» Task to complete
Copy out every record below exactly as written, but leave out any pictures.

# # # #

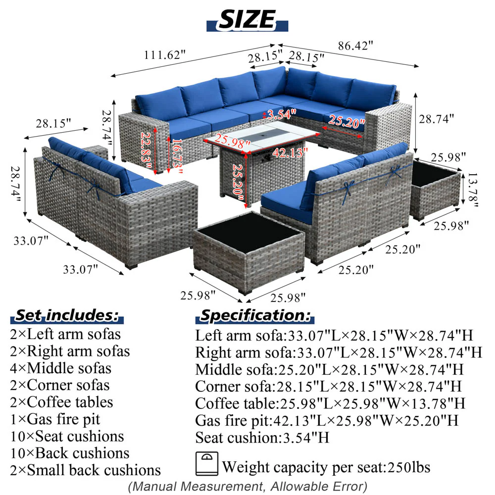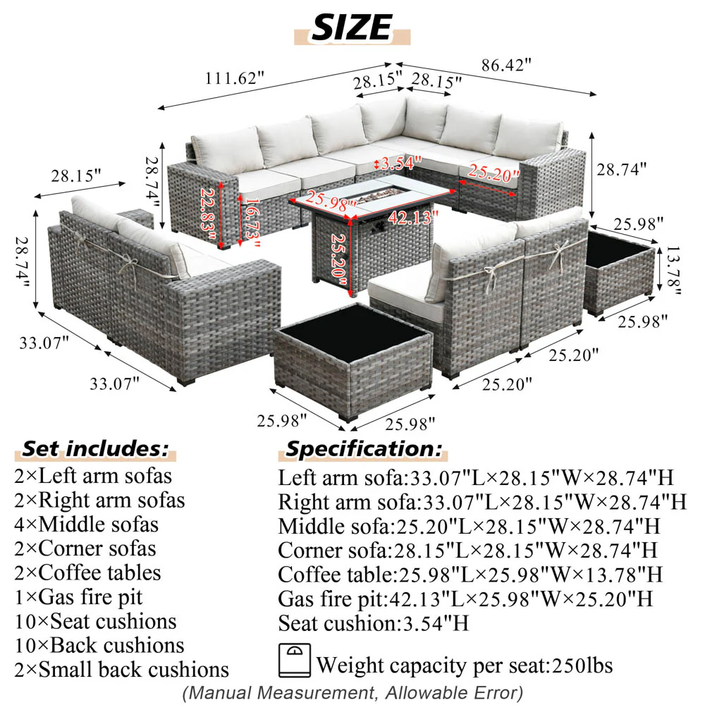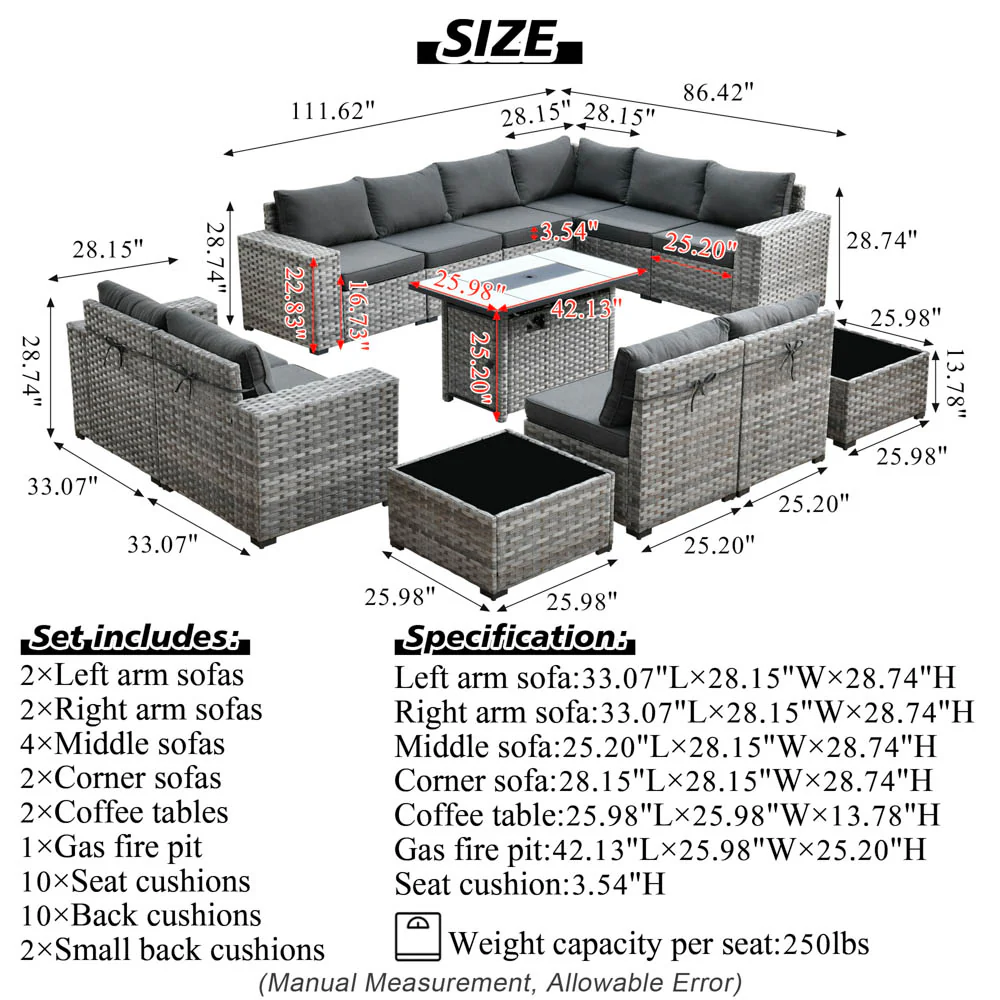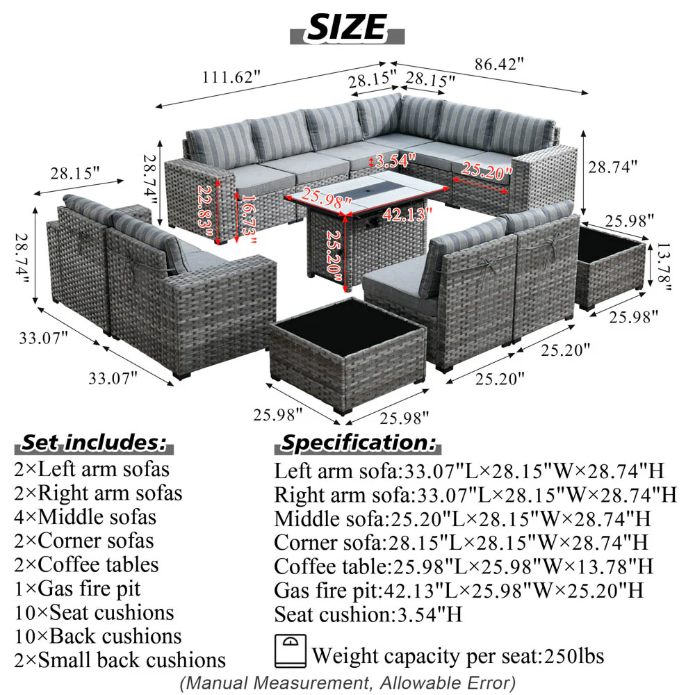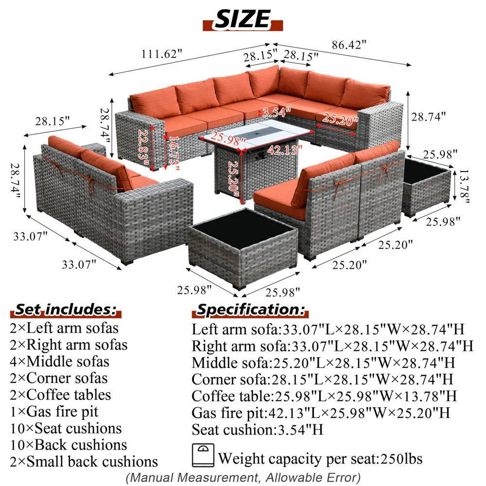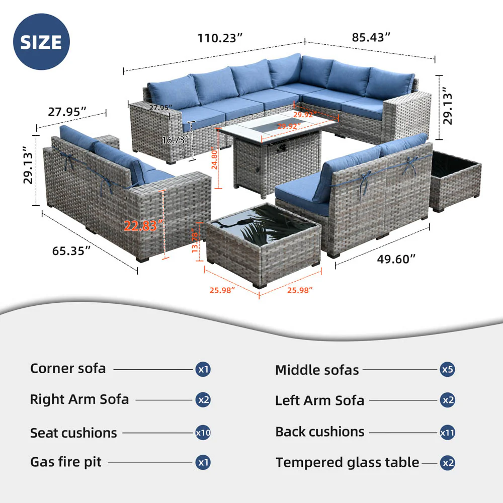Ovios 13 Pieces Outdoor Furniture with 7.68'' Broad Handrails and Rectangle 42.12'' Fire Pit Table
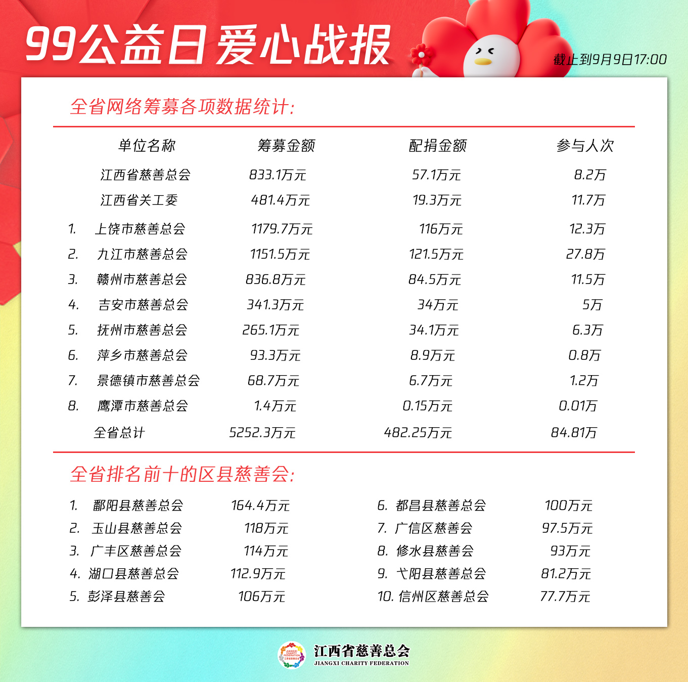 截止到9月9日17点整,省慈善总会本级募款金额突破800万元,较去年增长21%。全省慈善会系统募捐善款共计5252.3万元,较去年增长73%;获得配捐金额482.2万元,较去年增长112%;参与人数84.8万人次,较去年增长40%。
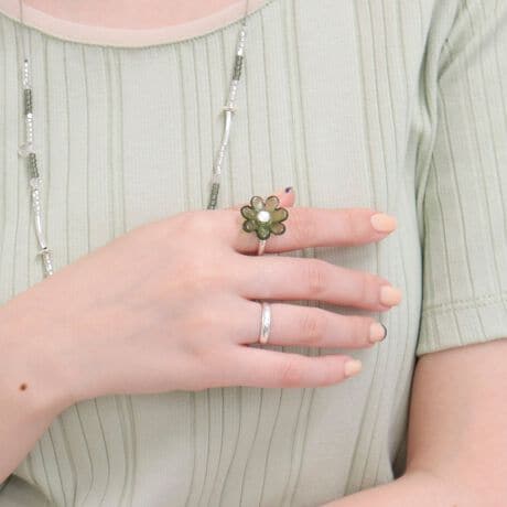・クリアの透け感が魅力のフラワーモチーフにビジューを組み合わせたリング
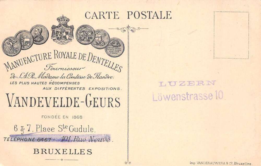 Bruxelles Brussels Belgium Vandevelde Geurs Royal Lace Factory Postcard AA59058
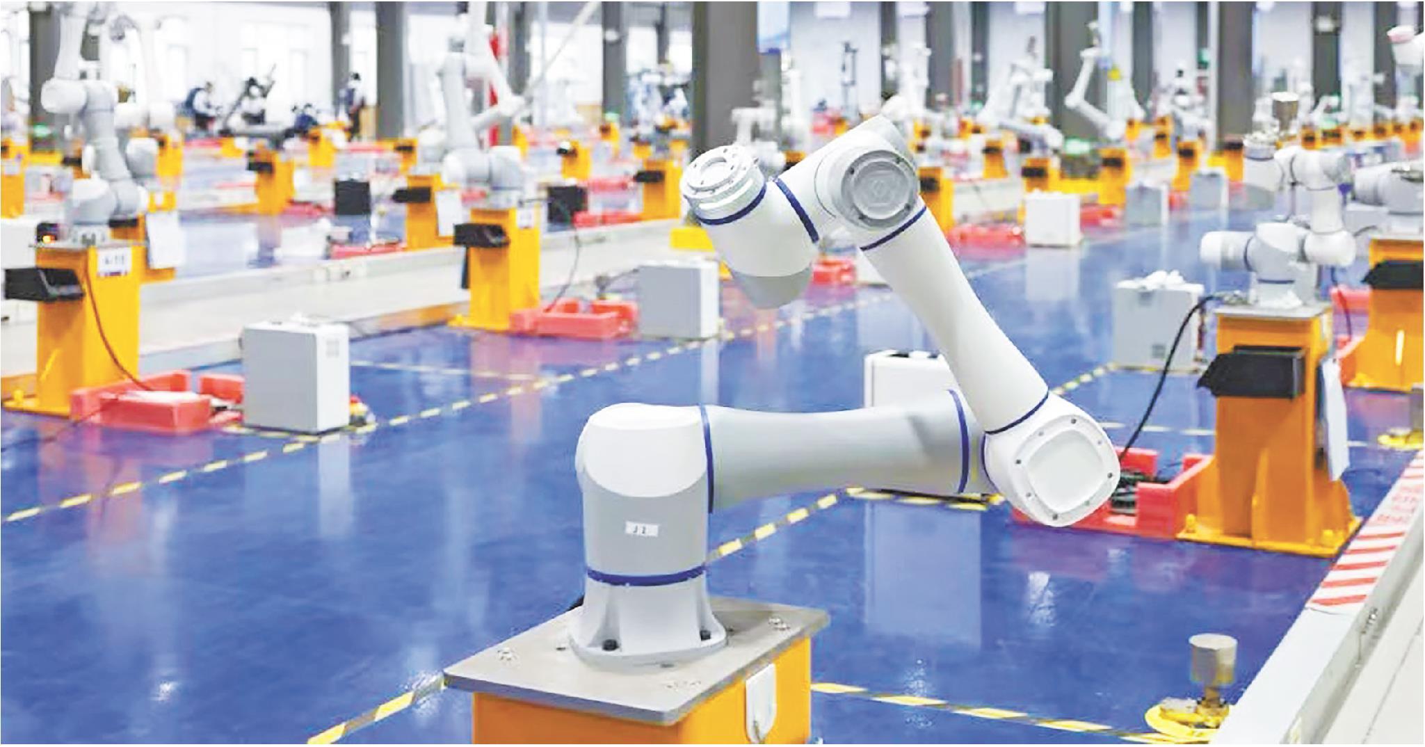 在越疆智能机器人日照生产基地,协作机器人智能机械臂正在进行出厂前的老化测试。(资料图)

# # # #

» Expected answer
Ovios 13 Pieces Outdoor Furniture with 7.68'' Broad Handrails and Rectangle 42.12'' Fire Pit Table
 截止到9月9日17点整,省慈善总会本级募款金额突破800万元,较去年增长21%。全省慈善会系统募捐善款共计5252.3万元,较去年增长73%;获得配捐金额482.2万元,较去年增长112%;参与人数84.8万人次,较去年增长40%。
・クリアの透け感が魅力のフラワーモチーフにビジューを組み合わせたリング
 Bruxelles Brussels Belgium Vandevelde Geurs Royal Lace Factory Postcard AA59058
 在越疆智能机器人日照生产基地,协作机器人智能机械臂正在进行出厂前的老化测试。(资料图)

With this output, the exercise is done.